It came to my attention during my blogging break, courtesy of Emily Heroy – Founder of  the Gender Across Borders blog and fellow Equality 101 writer – and Liza DonnellyCartoonist Extraordinaire – (If you’re not at least following these ladies on Twitter or reading their work, you should be.  Now!) that maybe saying “I am a feminist” is maybe not the exact correct thing to be saying.  It’s no secret that feminists throughout history have worked extremely hard towards equal rights for women.  But it’s also no secret that they haven’t historically worked very hard towards equal rights for all women.  bell hooks noted this (I can’t remember the exact essay in which she noted this, so forgive my lack of citation.  If anyone knows, feel free to drop a comment.), especially in the way feminism tended to be for the white, upper-middle class women, not for poor women or women of color.

Today, we see people claiming to be feminists and actively working against women – see anything written about Sarah Palin in the past month.  We see women actively excluding other human beings from the fight for equal rights (Emily didn’t exclude other people in this post, but I refuse to link to the post that did).  We see women telling other women how to be feminists.  Apparently, my feminist card was taken away from me when I chose to get married and have a big wedding.  It’s going to be torn up into little pieces when I write later about the crisis we’re seeing with boys and education and how we need to work to catch them up.  Or when I blog about how my future husband and I are going to share money.

I can’t remember the last time I was so disillusioned with a community of people.  If you read through some of my earlier archives, you’ll see how enchanted I was with this blogging community; I even chose to write my Master’s thesis about it!  It was so wonderful to finally be surrounded by women who supported one another.  And now it seems like these women supporting one another are just doing it in the same way as they did in high school – they’ve formed little Twitter-cliques and feminist groups, only worried about who is tweeting whose links or who is saying things that can be attacked or disagreed with or about who to criticize next for voicing opinions.  This isn’t activism.  This is cattiness masquerading as activism, which, in my opinion, makes it even worse than just plain old nastiness.

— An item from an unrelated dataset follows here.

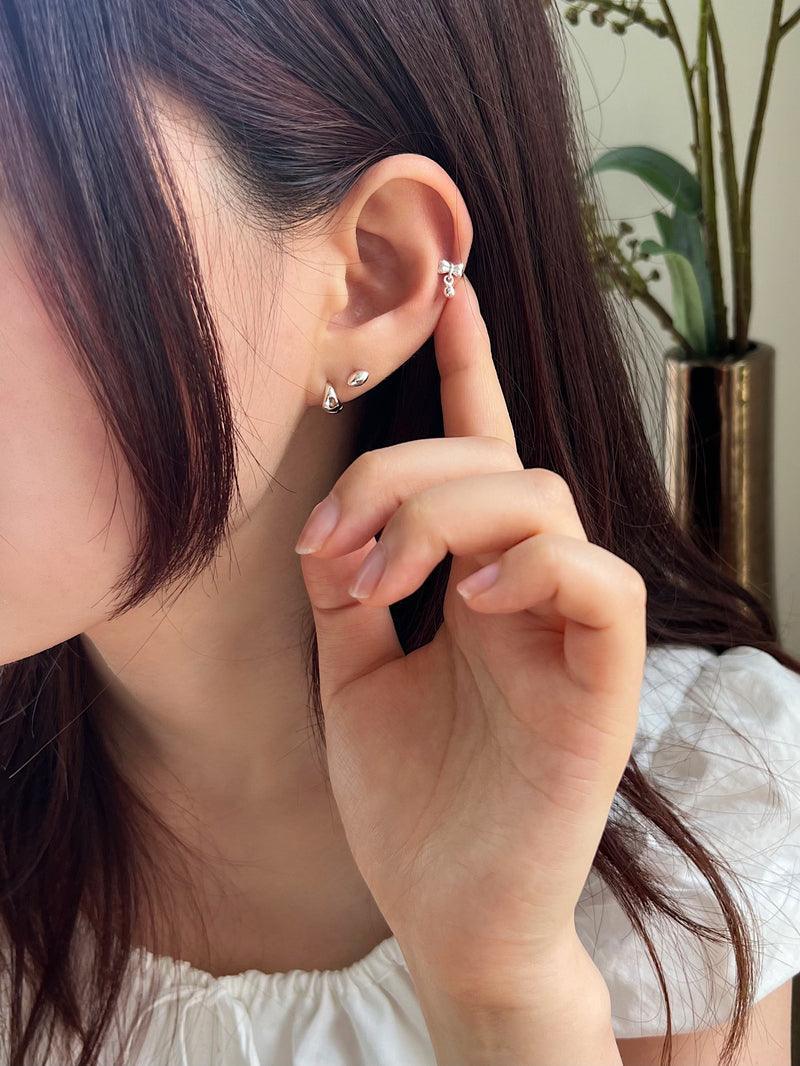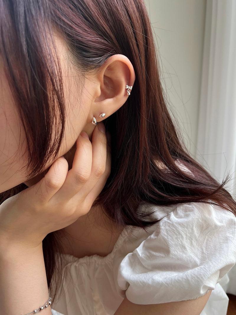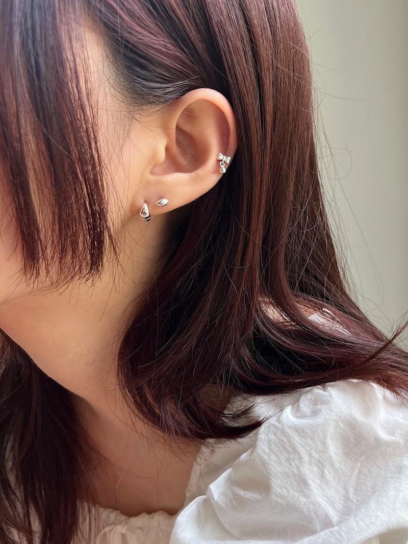 - Cute ribbon earrings with small cheek drops and a dangling feel.

It’s no secret that I’ve been pretty disappointed with this community for a while.  But I don’t think I’m disappointed with feminism in general.  In fact, there are some really great women out there writing some really great things, and over the next few weeks, I’m going to try to highlight some of those posts (let’s start with Sophia’s blatant sarcasm regarding the Rules of Feminism).  I’m honored that these people even give this blog the time of day, but I’m not so much honored to call myself a feminist anymore.  Saying “I am a feminist” makes being a feminist all that I am, and makes it tough to do anything that anyone might consider “not feminist.”  So, like bell hooks, I’m no longer going to say I am a feminist, but more simply that I advocate feminism.  I advocate lots of things: human rights in general, better treatment of teachers, equity in education…. and the list goes on.  These things aren’t wholly what I am – although they can be all-consuming.  They are simply things I stand for.  I’ll stand for feminism, or for a feminism that is inclusive and intersectional.  But I won’t let it become all of me.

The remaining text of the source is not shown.